# [TASK PROMPT]
Write out, word for word and with no pictures, each line below from the one containing "2025年3月,欧央行、加拿" through the one containing "Women's Striped Puff", both included, and no other line.

# [RECORDS TO PROCESS]
+ + + + + + +

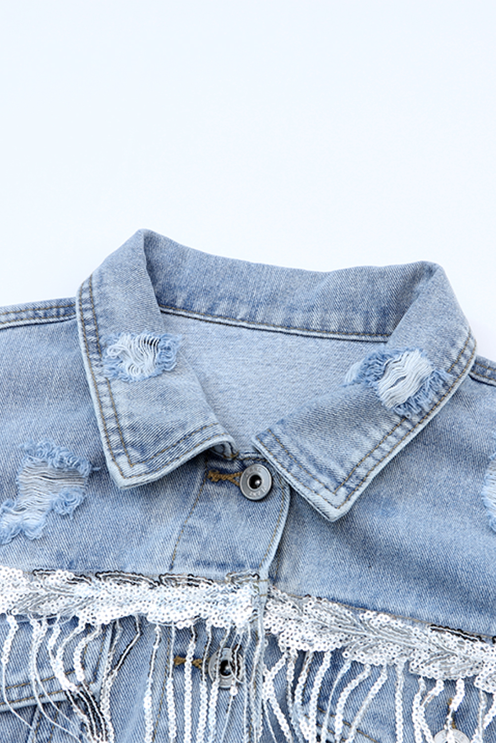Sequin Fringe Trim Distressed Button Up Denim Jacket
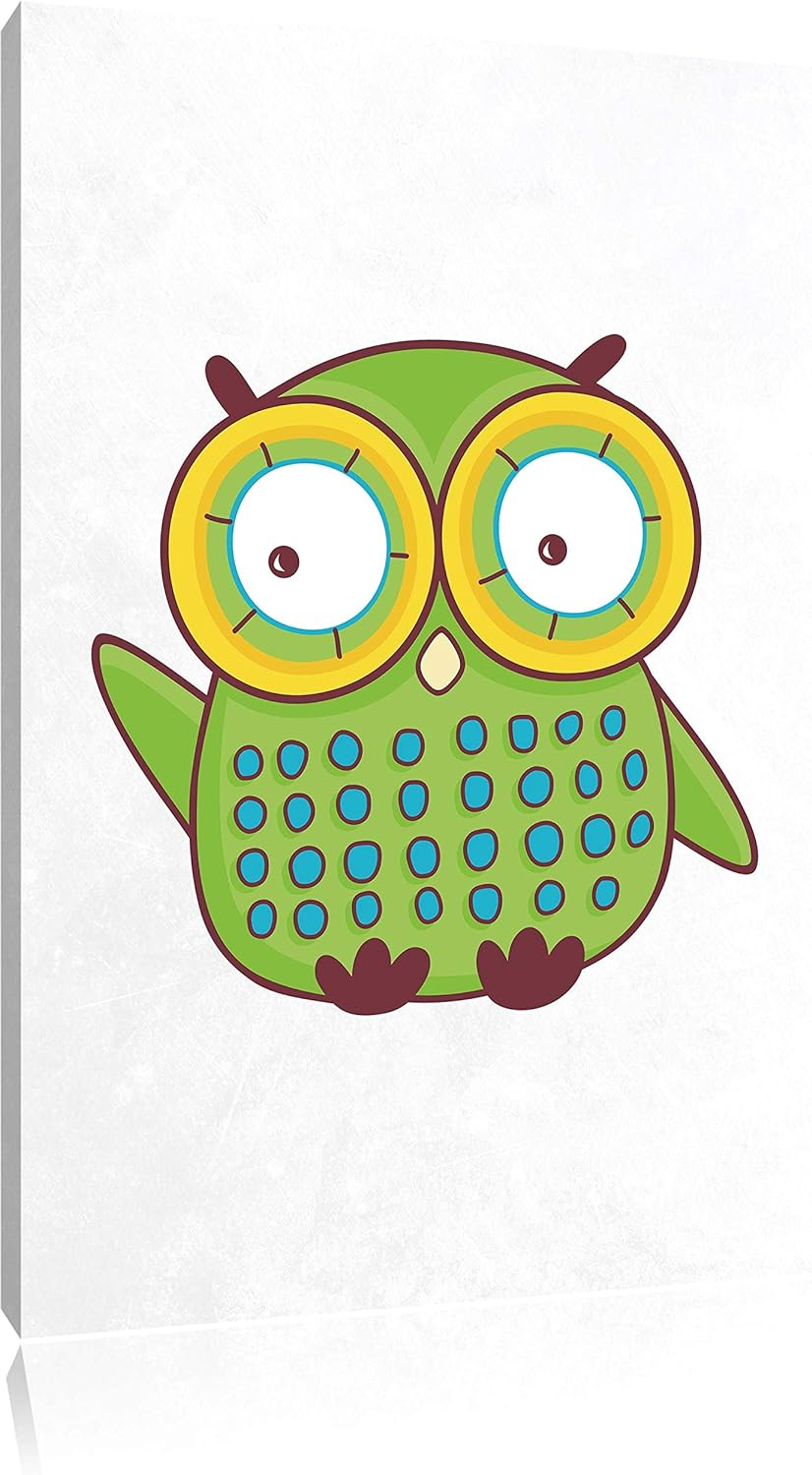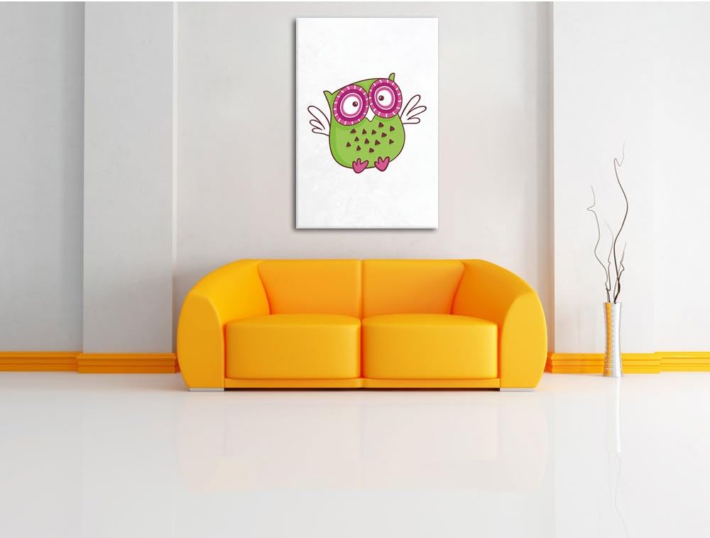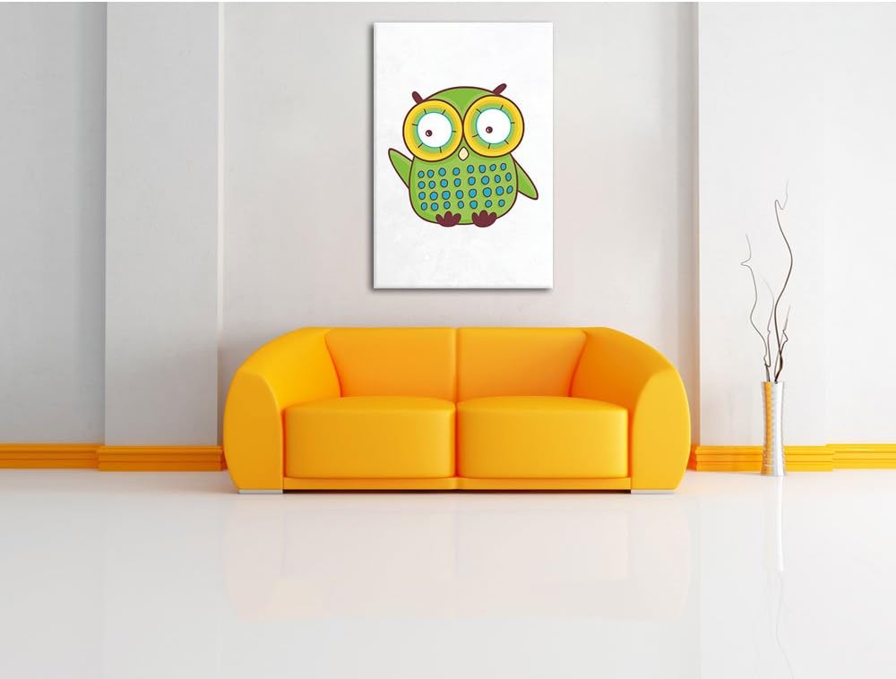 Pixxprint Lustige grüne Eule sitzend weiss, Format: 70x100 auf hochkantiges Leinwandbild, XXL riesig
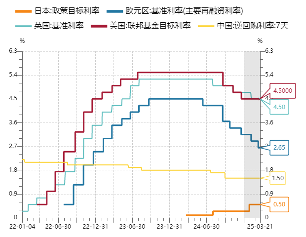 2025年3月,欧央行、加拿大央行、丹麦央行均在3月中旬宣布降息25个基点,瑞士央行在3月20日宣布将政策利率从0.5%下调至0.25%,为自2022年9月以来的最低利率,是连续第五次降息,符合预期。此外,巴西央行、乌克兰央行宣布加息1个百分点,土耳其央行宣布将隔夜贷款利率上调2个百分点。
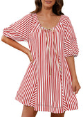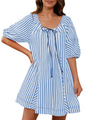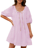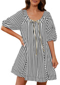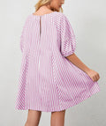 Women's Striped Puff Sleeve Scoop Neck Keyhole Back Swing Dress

+ + + + + + +

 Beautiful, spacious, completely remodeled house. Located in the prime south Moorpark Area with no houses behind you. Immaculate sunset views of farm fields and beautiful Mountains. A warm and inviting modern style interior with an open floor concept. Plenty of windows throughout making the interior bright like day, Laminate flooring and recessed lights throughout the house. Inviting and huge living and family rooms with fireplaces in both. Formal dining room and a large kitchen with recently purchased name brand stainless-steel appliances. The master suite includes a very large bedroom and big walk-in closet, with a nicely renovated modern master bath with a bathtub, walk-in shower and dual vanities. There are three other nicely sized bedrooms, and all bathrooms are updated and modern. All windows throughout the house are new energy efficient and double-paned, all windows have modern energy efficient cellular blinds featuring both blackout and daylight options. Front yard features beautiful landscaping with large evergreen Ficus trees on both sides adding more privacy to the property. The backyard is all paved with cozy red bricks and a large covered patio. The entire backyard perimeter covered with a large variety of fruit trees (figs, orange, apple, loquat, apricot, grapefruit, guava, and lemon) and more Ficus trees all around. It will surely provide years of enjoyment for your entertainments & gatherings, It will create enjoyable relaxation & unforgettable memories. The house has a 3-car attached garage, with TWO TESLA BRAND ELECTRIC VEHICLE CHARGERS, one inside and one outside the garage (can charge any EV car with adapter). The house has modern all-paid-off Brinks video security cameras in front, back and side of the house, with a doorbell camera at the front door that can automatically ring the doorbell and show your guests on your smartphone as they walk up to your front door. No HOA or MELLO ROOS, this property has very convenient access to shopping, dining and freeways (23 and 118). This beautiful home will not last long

+ + + + + + +

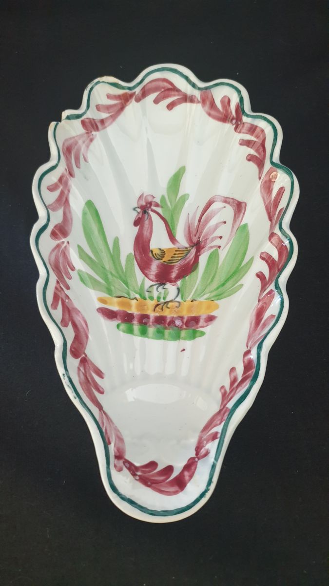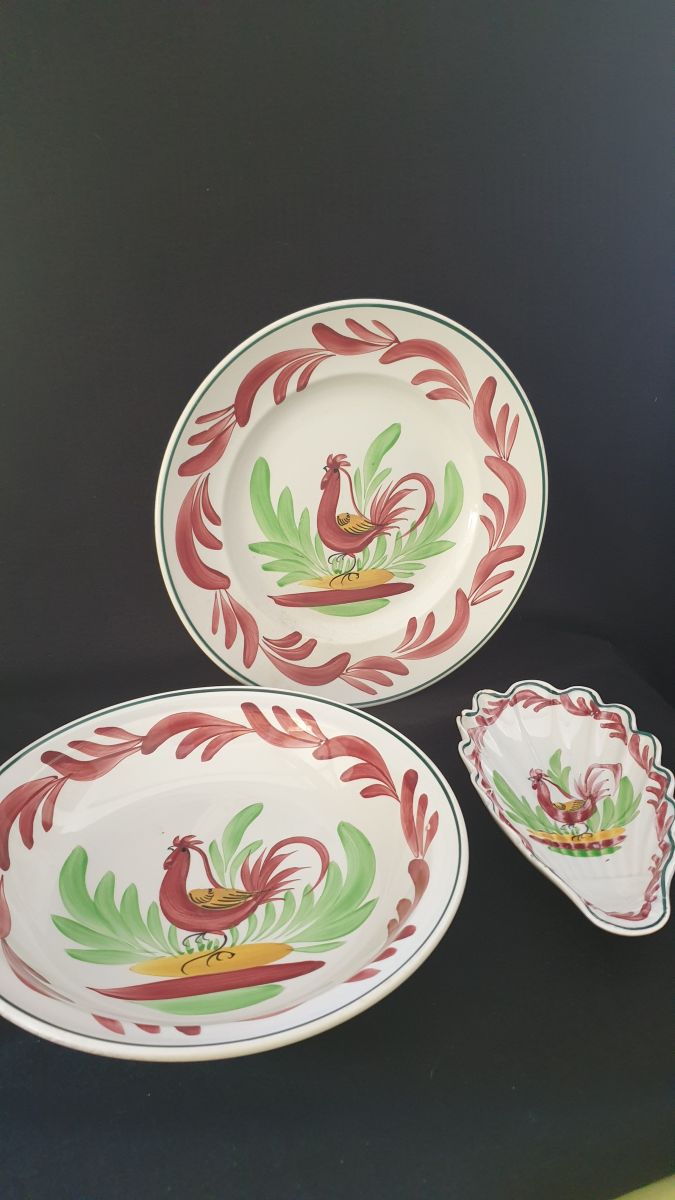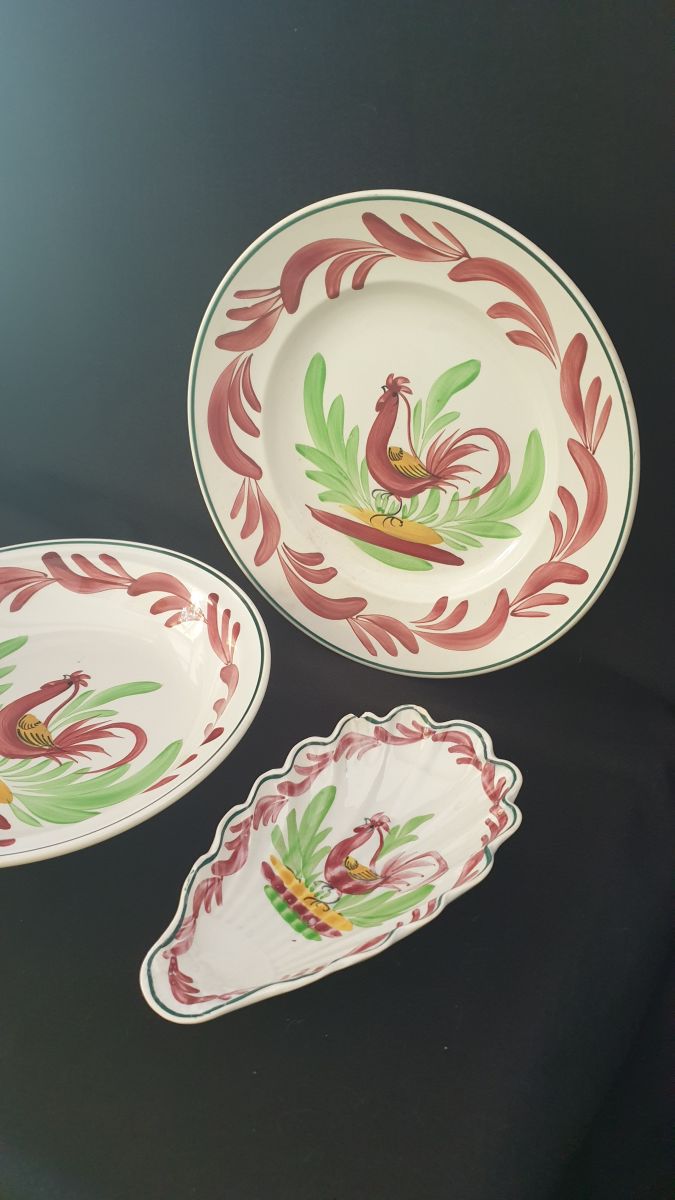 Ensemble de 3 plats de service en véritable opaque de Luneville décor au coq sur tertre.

+ + + + + + +

# [EXERCISE RESPONSE]
 2025年3月,欧央行、加拿大央行、丹麦央行均在3月中旬宣布降息25个基点,瑞士央行在3月20日宣布将政策利率从0.5%下调至0.25%,为自2022年9月以来的最低利率,是连续第五次降息,符合预期。此外,巴西央行、乌克兰央行宣布加息1个百分点,土耳其央行宣布将隔夜贷款利率上调2个百分点。
 Women's Striped Puff Sleeve Scoop Neck Keyhole Back Swing Dress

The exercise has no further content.